* What needs to be done
The answer must consist solely of the lines from the line with "ਖੁਸ਼ਖ਼ਬਰੀ! Gurur Nanak" to the final line of the data below, reproduced exactly, pictures omitted.

* Records for this exercise

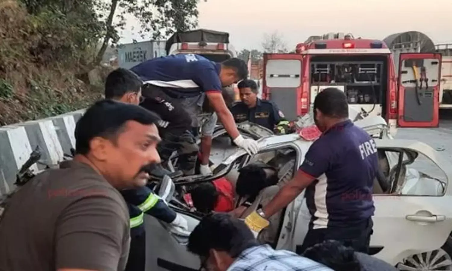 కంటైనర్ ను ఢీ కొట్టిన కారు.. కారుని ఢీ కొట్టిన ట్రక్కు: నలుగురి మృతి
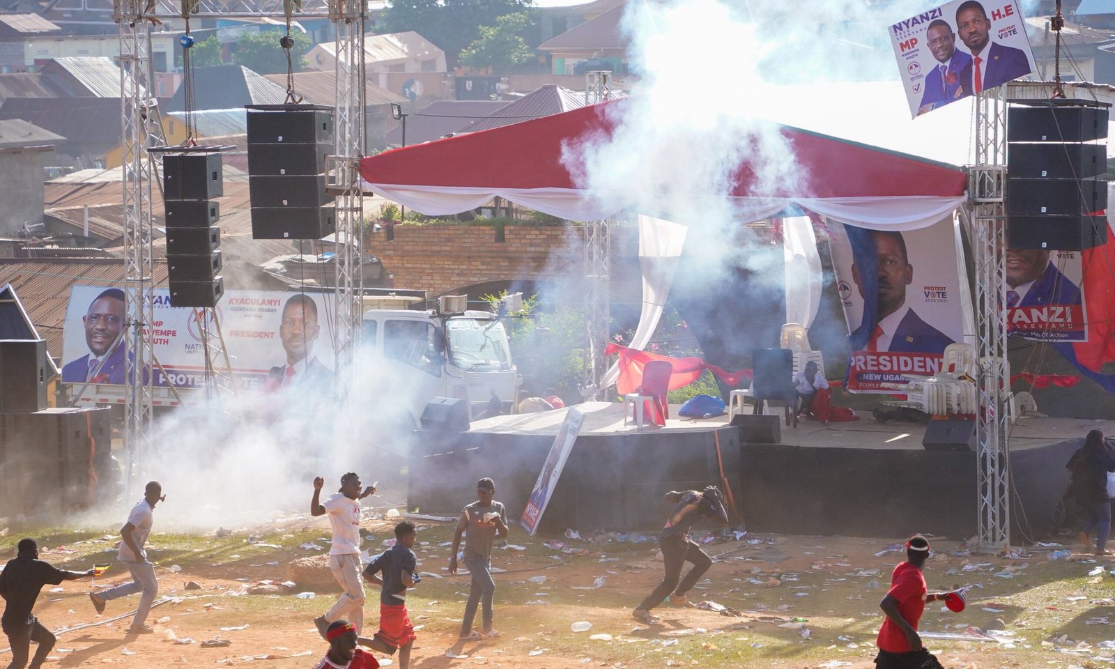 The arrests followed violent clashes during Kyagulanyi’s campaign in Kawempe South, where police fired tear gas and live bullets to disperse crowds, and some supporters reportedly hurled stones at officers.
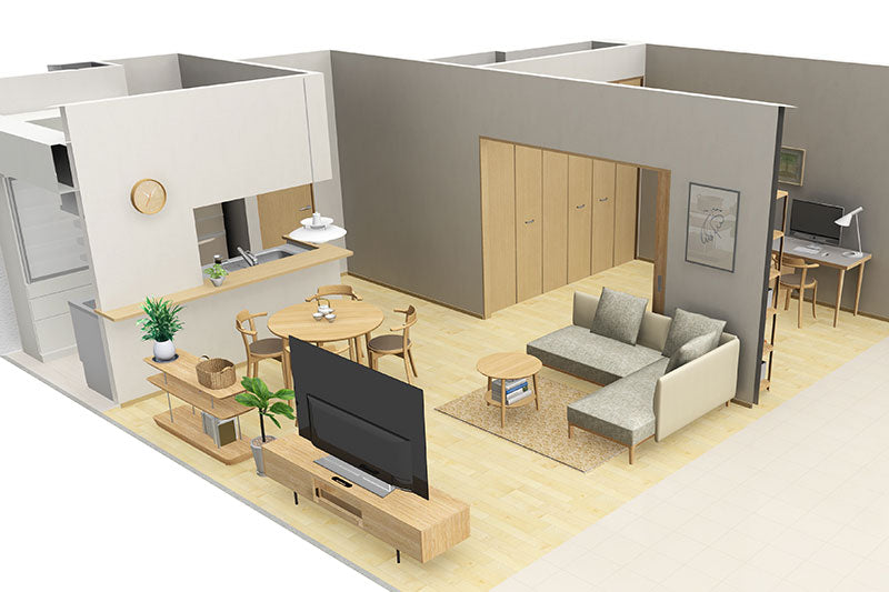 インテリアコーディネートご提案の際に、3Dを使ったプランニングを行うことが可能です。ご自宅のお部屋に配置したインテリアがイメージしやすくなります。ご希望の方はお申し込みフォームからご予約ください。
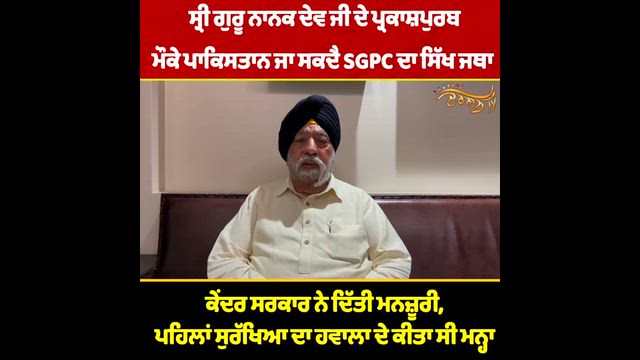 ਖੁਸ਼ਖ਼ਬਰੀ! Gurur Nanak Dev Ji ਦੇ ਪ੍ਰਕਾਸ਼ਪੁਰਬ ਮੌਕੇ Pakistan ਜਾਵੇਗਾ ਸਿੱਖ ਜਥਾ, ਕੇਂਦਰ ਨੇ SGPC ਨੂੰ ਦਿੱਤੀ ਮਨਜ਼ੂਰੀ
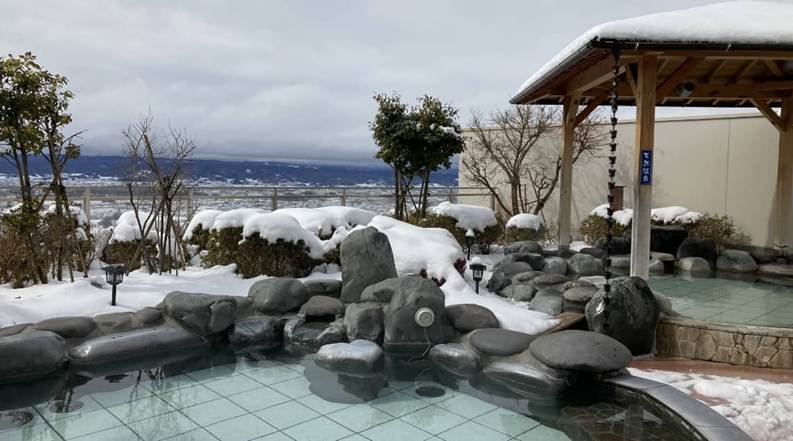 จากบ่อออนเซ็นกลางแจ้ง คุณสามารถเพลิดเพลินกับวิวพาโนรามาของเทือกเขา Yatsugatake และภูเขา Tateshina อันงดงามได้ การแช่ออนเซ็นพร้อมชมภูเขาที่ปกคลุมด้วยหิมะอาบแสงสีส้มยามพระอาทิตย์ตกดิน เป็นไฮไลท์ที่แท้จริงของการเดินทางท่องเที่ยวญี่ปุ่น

* Exercise result
 ਖੁਸ਼ਖ਼ਬਰੀ! Gurur Nanak Dev Ji ਦੇ ਪ੍ਰਕਾਸ਼ਪੁਰਬ ਮੌਕੇ Pakistan ਜਾਵੇਗਾ ਸਿੱਖ ਜਥਾ, ਕੇਂਦਰ ਨੇ SGPC ਨੂੰ ਦਿੱਤੀ ਮਨਜ਼ੂਰੀ
 จากบ่อออนเซ็นกลางแจ้ง คุณสามารถเพลิดเพลินกับวิวพาโนรามาของเทือกเขา Yatsugatake และภูเขา Tateshina อันงดงามได้ การแช่ออนเซ็นพร้อมชมภูเขาที่ปกคลุมด้วยหิมะอาบแสงสีส้มยามพระอาทิตย์ตกดิน เป็นไฮไลท์ที่แท้จริงของการเดินทางท่องเที่ยวญี่ปุ่น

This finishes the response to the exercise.